Michelle Williams by Shawn Dogimont
Photos by Mark Segal
Styling Kemal + Karla
Shawn Dogimont. — Which play were you telling me about last week? Something about it or the actors leading back to a theatre school in France…
Michelle Williams. — Yes. When I was working in London this fall, I had a couple of scenes with Toby Jones. The man can employ subtle but jaw dropping contradictions between his actions and his words, the likes of which I’ve never seen. Like a hound on the scent, I found out that he had studied at [L’École Jacques] Lecoq in Paris, as had Simon McBurney. I went to see two productions put on by Complicite, Simon’s theatre troupe and felt like I had the sleep rubbed out of my eyes. It seemed like a new horizon for me. I often dream of quitting acting. Walking away and becoming a laundress or a sous chef or maybe writing other people’s love letters for a living. Clearly, I don’t like to be in charge. And thinking of quitting is just keeping going in disguise. When you have options, anything is bearable. It’s when a situation is inescapable that it becomes hell. It seems to me that as soon as you get good at something, it is a sure sign that it is about to walk out of your life because it ceases to hold your mind and creative energy hostage. What these guys are up to is as foreign as another language to me. I’m mystified and utterly curious. What a lovely feeling of renewal. I’ve been acting for twenty years and watching them work I’m eight years old all over again and watching my first play for the first time. Holding on to the edge of my seat because it might take off. Who knew?
SD Going back to Wendy and Lucy and Meek’s Cutoff, have you developed an affinity with Oregon at all? The first time I met you was in the Ace in New York and so wondered if you spent time at the one in Portland because they were both filmed in that area.

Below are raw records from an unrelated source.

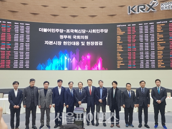 [서울파이낸스 박조아 기자] 더불어민주당·조국혁신당·사회민주당 등 야 3당 정무위원회 의원들은 10일 서울 여의도 한국거래소를 찾아 비상계엄 및 탄핵 정국에 대한 긴급 현안대응 및 현장점검에 나섰다.
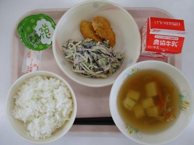 ~ごはん、とびうおのフライ、ひじきのサラダ、野菜と大豆のコーンスープ、牛乳~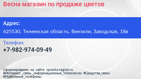 Весна, магазин по продаже цветов по адресу 625530, Тюменская область, Винзили, Заводская, 18в в дальнейшем Организация, размещена в следующих категориях: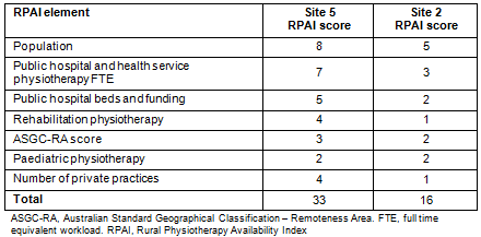 The sites of this study were predominantly rural with RPAI scores clustering in the mid-range; however, the RPAI scoring would enable differentiation of major urban areas and more remote sites. The RPAI score provides a relatively speedy tool to gain insight into the availability of physiotherapy services. Such information could be considered by health service policy and decision makers prior to making decisions that may adversely affect the availability of physiotherapy services for local communities.

MW I have very fond memories of the Ace Hotel in Portland. Yeah, that is some place where I played with my “perfect world” game. And I thought that Portland might get pretty close. Man, there is nothing like a Portland summer. But then I also realized as soon as you make a place home, you invite entanglements, and Portland seemed like a place that I would want to keep free from that. As long as I don’t make it my home it stays perfection. I can miss it, I can yearn for it, I can fantasize about it and I can visit it and have the best time.